Мертвая мельница лучше мельницы оскверненной, это уж точно. Разрушится – так зерно можно перемолоть и не тут, пусть и ездить придется далече. А станет хозяином Ратко, смерть русалки принесший, – так смолотая мука только беду нести будет.
Но не такой ценой – я никогда, никогда, никогда не хотела платить такую цену!
– Если не ты… – сестрица легко шагает ближе, и я понимаю – отстраненно, пусто – что она не собирается убегать, – то кто?
За моей спиной сонм русалок, жадных до добычи. Если я откажусь, если я отступлю, любая из них будет рада заманить сестрицу в воду. Что-то во мне плачет, хочет спрятаться под камень и свалить тяжесть решений, груз вины на других.
Но право на трусость, увы, доступно только живым.
– Лада, – говорю я и повторяю проклятое, ненавистное мне сейчас: – иди ко мне.
Она делает шаг, другой, послушно и доверчиво, словно овечка.
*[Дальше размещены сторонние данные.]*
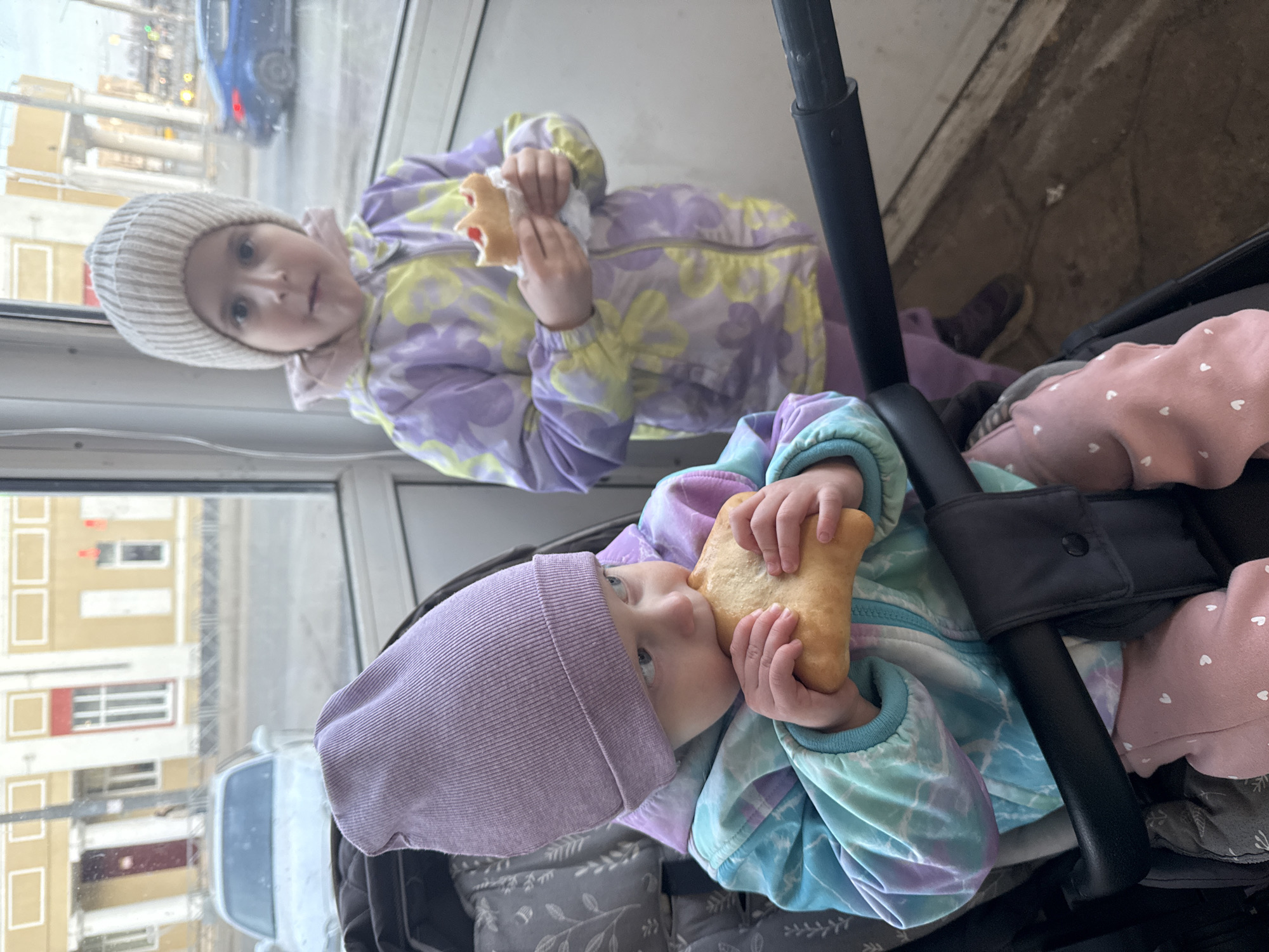 Two young children are depicted. One child, wearing a white knit hat and a light purple jacket with yellow flower patterns, is sitting near a window, holding and eating a pastry. The second child is in a stroller, wearing a lilac knit hat and a tie-dye jacket, also holding and eating a pastry. The stroller is black and the child is also wearing pink clothing with small white hearts. The background shows a cityscape with buildings, potentially viewed through a window. The location is Bol'shie Mkhi, Russia. A black stroller handle is visible in the foreground.
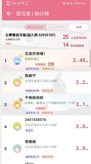 本着严于律己的目标,19级学生借助番茄To Do app 建立各个班级独属的自习室,让同学们互相监督激励建立了良好的学习氛围。组织本次活动的李晓燕老师表示,把竞技风格引入学习,借助互联网信息化平台,用线上学习竞赛的方式让学生具有更强的学习竞争意识,人人都争当全场最佳的MVP,让学习更具激励性和竞争性。同时充分利用课余时间来巩固课上已学知识点,静下心来去思考,找出自己的困惑之处及时反馈
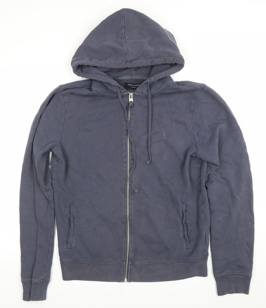 AllSaints Men's Blue Full Zip Hoodie Medium Cotton

Все, как и раньше: «Иди сюда», – зову я сестру – нам пять, мы впервые со всеми женщинами деревни кликаем весну; нам десять, отец возвращается из города; нам двенадцать, мы собираемся к купальному костру, – и она каждый раз следует за мной. Без сомнений, будто и мысли не допускает, что сестра может ей навредить.
Твоя сестра мертва, хочу напомнить ей я, мертва, мертва, мертва.
Но она идет, вода доходит ей до щиколоток, потом до колен, потом до пояса. Я протягиваю руку, чтобы ее оттолкнуть, – никто не посмеет меня укорить за желание обмануть себя хотя бы в последний миг – но вместо этого обнимаю ее за шею.
И утягиваю ее на дно.
Под водой сила русалок возрастает многократно: когда ее грудь заполняется водой, она начинает рваться из рук. Удерживаю ее, прижимаю к илистому дну.
Здесь, на дне, одни глупости в голову лезут. Когда тонула сама, вспоминала, что обещала помочь Зоряне с вышивкой, и так грустно мне было, что не помогу, – грустнее, чем от того, что это Ратко меня толкнул. А теперь держу сестрицу и думаю: хорошо, что она не на меня смотрит, а куда-то за мое плечо, где поверхность, где жизнь и воздух. Смотрела бы на меня, так я бы и не выдержала, отпустила.
Снова себе лгу, но сейчас мне можно в это верить – потому что сестрица до самого конца не переводит взгляд на меня.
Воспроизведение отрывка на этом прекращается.